Loading Devtools and Higcharter

Extra packages needed in order to create the highcharters

library(devtools)
## Loading required package: usethis
## Warning: package 'usethis' was built under R version 4.2.3
library(highcharter)
## Warning: package 'highcharter' was built under R version 4.2.3
## Registered S3 method overwritten by 'quantmod':
##   method            from
##   as.zoo.data.frame zoo
## Highcharts (www.highcharts.com) is a Highsoft software product which is
## not free for commercial and Governmental use

First Plot

This plot named p1 was created base on the data from the chunk obesity3 which have all 31 variables most mentioned above in the glimpse. it was filtered by the “Sample Size” higher than 1000, have the year end in “2019”, the class chose was “obesity / weight status”, have all the grades and NA plus all the states.

p1 <- obesity3 %>% 
#establish plot and aestetics 
  hchart('scatter', hcaes(x = Grade, y = Sample_Size, group = LocationDesc)) %>%
#establish color 
    hc_colorAxis() %>%
#establish font for chart
hc_chart(style = list(fontFamily = "NewCenturySchoolbook",
                        fontWeight = "bold")) %>%
#establish title on x  and y axis
      hc_xAxis(title = list(text="Grade")) %>%
      hc_yAxis(title = list(text="Sample Size"))%>%
#establish title and subtitle
   hc_title( text = "Obesity / Weight Status ") %>% 
      hc_subtitle(text = "at the Schools in USA") %>%
#establish theme 
   hc_add_theme(hc_theme_gridlight()) %>%
  hc_tooltip(shared = TRUE)
p1

Second Plot

This second plot named p2 reads from the the data obesity5. This data have 8 observations and the 31 variables. Those variables were filtered and the mean ones that will be used in this plot are the state of Maryland, the Class Obesity and Weight Status, and the High Confidence Limit.

p2 <- obesity5 %>% 
#establish plot and aestetics 
  hchart('scatter', hcaes(x = High_Confidence_Limit, y = Sample_Size, group = Grade)) %>%
#establish color 
    hc_colorAxis() %>%
#establish font for chart
hc_chart(style = list(fontFamily = "NewCenturySchoolbook",
                        fontWeight = "bold")) %>%
#establish title on x  and y axis
      hc_xAxis(title = list(text="High Confidence Limite")) %>%
      hc_yAxis(title = list(text="Sample Size"))%>%
#establish title and subtitle
   hc_title( text = "Obesity / Weight Status") %>% 
      hc_subtitle(text = "in the Schools in Maryland") %>%
#establish theme 
   hc_add_theme(hc_theme_gridlight()) %>%
  hc_tooltip(shared = TRUE)
p2

Question: What the visualization represents, any interesting patterns or surprises that arise within the visualization, and anything that could have been shown that you could not get to work or that you wished you could have included.

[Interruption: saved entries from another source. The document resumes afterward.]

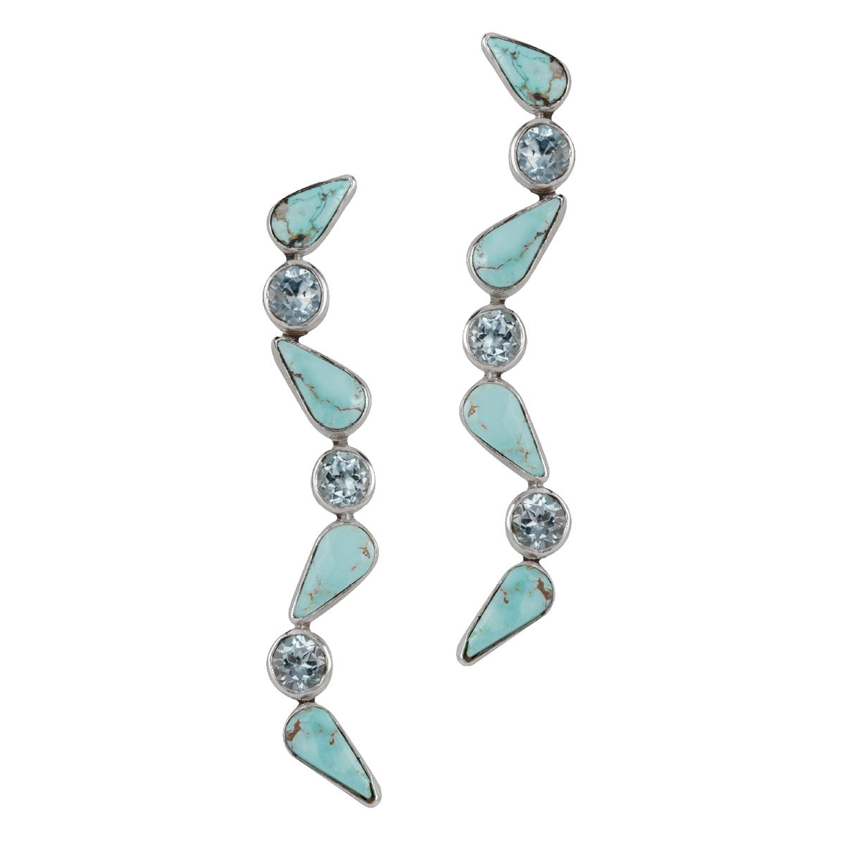 Dry Creek Turquoise and Blue Topaz Earring. 2″ long.
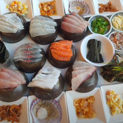 에메랄드빛 파도가 넘실대는 함덕해변뷰를 바라보며 신선한 딱새우와 고등어회를 풍성하게 맛 볼 수 있는 횟집입니다.
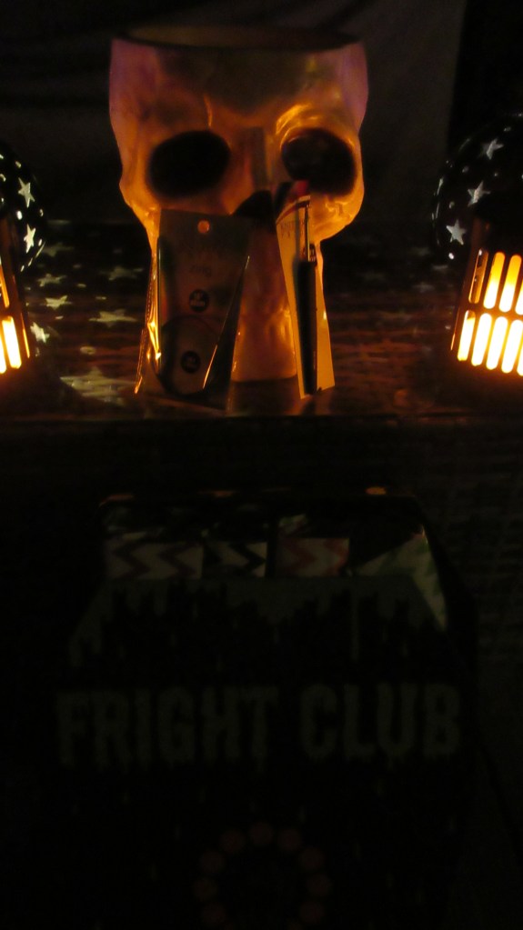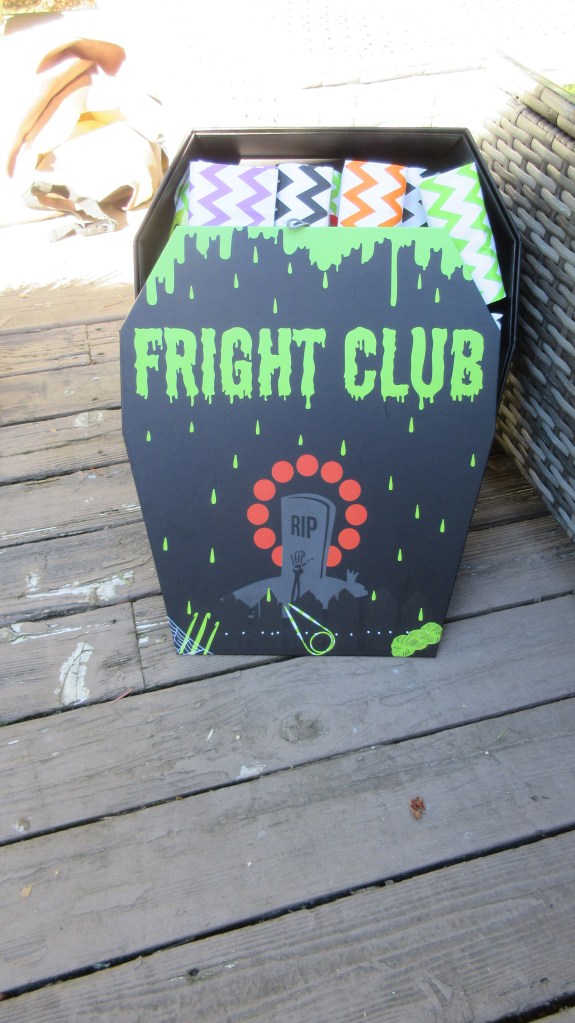 My latest excitement involved me squealing over my Halloween KAL. I’m having so much fun with the Haunted Handwarmers that I decided to add in Cowl-o-ween. I won’t have both of these done by October 31. That’s okay. I’ll have matching set at some point in November. This one came in it’s own coffin! You read that correctly. A coffin for my KAL. I’m not sure what I’m more excited about. The knitted items or the fun Halloween decorations I can use year after year?
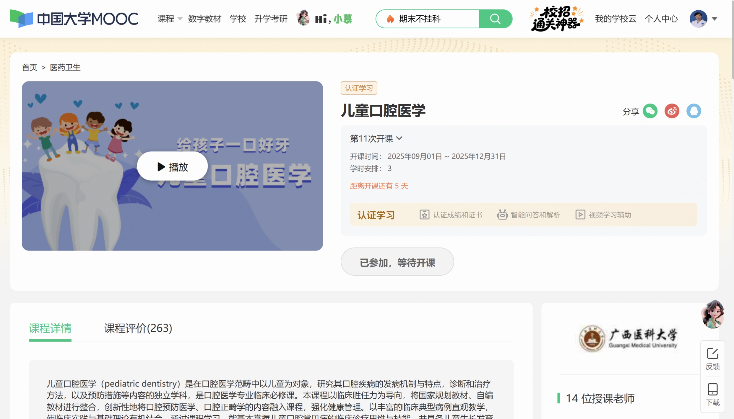 据悉,《儿童口腔医学》课程依托多学科融合与创新实践,形成三大鲜明特色。在内容建设上,既强化口腔预防医学、正畸学等交叉知识,融入最新专家共识与临床指南,又收录60余例自主知识产权典型病例、1900余张影像资料及全国首款儿童专用X线头影测量分析软件,同时搭建思政元素库,每章节配套思政案例与主题讨论,实现“知识+能力+素质”三位一体培养。在教学设计上,课程分层次设置知识点讲解、典型病例、科研思政等板块,适配不同学习者需求,此前已先后获评省级线上一流课程、省级课程思政示范课程。在辐射影响上,课程已在中国大学慕课平台、国家智慧教育平台上线10期,覆盖全国30个省市及柬埔寨、马来西亚等东盟国家,选课人数达21297人,还被推荐升级为平台会员认证课程,成为广西乃至全国儿童口腔医学领域优质教学资源共享的重要载体。

The visualization P2 represents the samples sizes collected in the grades 9th, 10th, 11th , and 12th plus the high confident limit of each grade relate to obesity in the state of Maryland. Analyzing the visualization, the 11th grades have the higher sample sizes and the high confidence limit that was above ten. My goal was to see the obesity and overweight in Maryland, so I am wondering if that this visualization is trying to show that the index of obesity is higher in the 11 grades comparing to the other grades. What I wish and could not get to work was used this the data to create a Maryland map with GIS. I would like to try to make an USA map with some states beside Maryland to show their level of obesity or activity for each grade.